August 26, 2008

Contradicting Contraception

Thanks to my labmate/colleague JRob for the heads up...A contraception-based lifestyle tends to promote sex over love, marriage, and family. (The best case, of course, is having all of the above. Like other things --- and especially in the Christian lifestyle --- this is an all-or-nothing scenario.)

Disclaimer: Catholic and Evangelical Christians promote sex only within the marriage of one man to one woman, but where the former support only natural means of birth control, the latter support artificial contraception as well. Again, as long as within marriage.


UNDER THE INFLUENCE OF CONTRACEPTION
Family-Life Speaker Links It to Abortion and Divorce
from http://www.zenit.org/article-23338?l=english


(EXCERPTS:)


ST. AUGUSTINE, Florida, JULY 25, 2008 (Zenit.org).- Here is an excerpt
of a talk titled "Why Contraception Matters: How It Keeps Us from Love and Life," given by Steve Patton, director of the Diocesan Center for Family Life in St.
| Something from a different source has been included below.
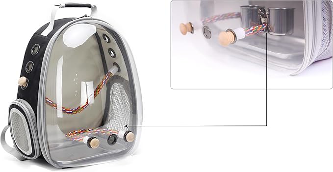 Bird Feeder Cups with Clamp Mount on Standing Perch, 2 Stainless Steel Cups for Food and Water, Compatible for halinfer's All Bird Carrier and Backpack Wooden and Rope Perch

Augustine. The talk is being distributed by One
More Soul.

* * *


It used to be, before the contraceptive revolution, that there was a
pretty clear and firm connection between sex and marriage. Married people had sex, unmarried people didn't, or if they did, they more or less knew that they weren't supposed to. Most everybody knew this.

But over the course of the 20th century, as contraception became more
socially accepted, more available, and more effective, all that began to change. By the time the sixties rolled around it was becoming clear, to married and unmarried people alike, that you didn't have to be married to have sex. Contraceptive practice had made sex into a recreational activity that everyone has a right to.

...Widespread use of contraception by married couples also led to an increase of adultery. Once you take away one of the greatest fears of extra-marital sex -- which is pregnancy -- you're going to see an increase of that activity. And when there is an increase in adultery
there's also going to be an increase in divorce.

...What Dr. Morse touches upon is our culture's prevailing disconnection between sex and babies. Before contraception was king, the prevailing assumption was that a baby was a natural consequence of sex. If you chose to engage in sex, you knew it could result in a baby. You might not have wanted that to happen, but you assumed that it could happen. If a baby did result, it was because of your freely chosen action, and so you were likely, not necessarily, but likely, to feel a certain kind of responsibility toward that child.

Now couples who think this way do know that keeping a baby out of the
picture doesn't just happen by itself; you have to do your part. You have to do something to the sexual act to make sure that a baby won't be conceived. That's what, quote unquote, taking responsibility for your actions now means with respects to sexual activity.

But if a couple has this kind of attitude, then when the contraception
fails, as it often does, and there's a pregnancy, they're not going to tend to think the baby's there because of their actions. They're going to tend to think the baby's there in spite of their actions. In other words, their mindset is not so much that this is their child that they conceived. Rather, they're going to tend to think it's an invader that they failed to repel. This kind of thinking is likely to foster quite a different sense of what's the responsible thing to do next.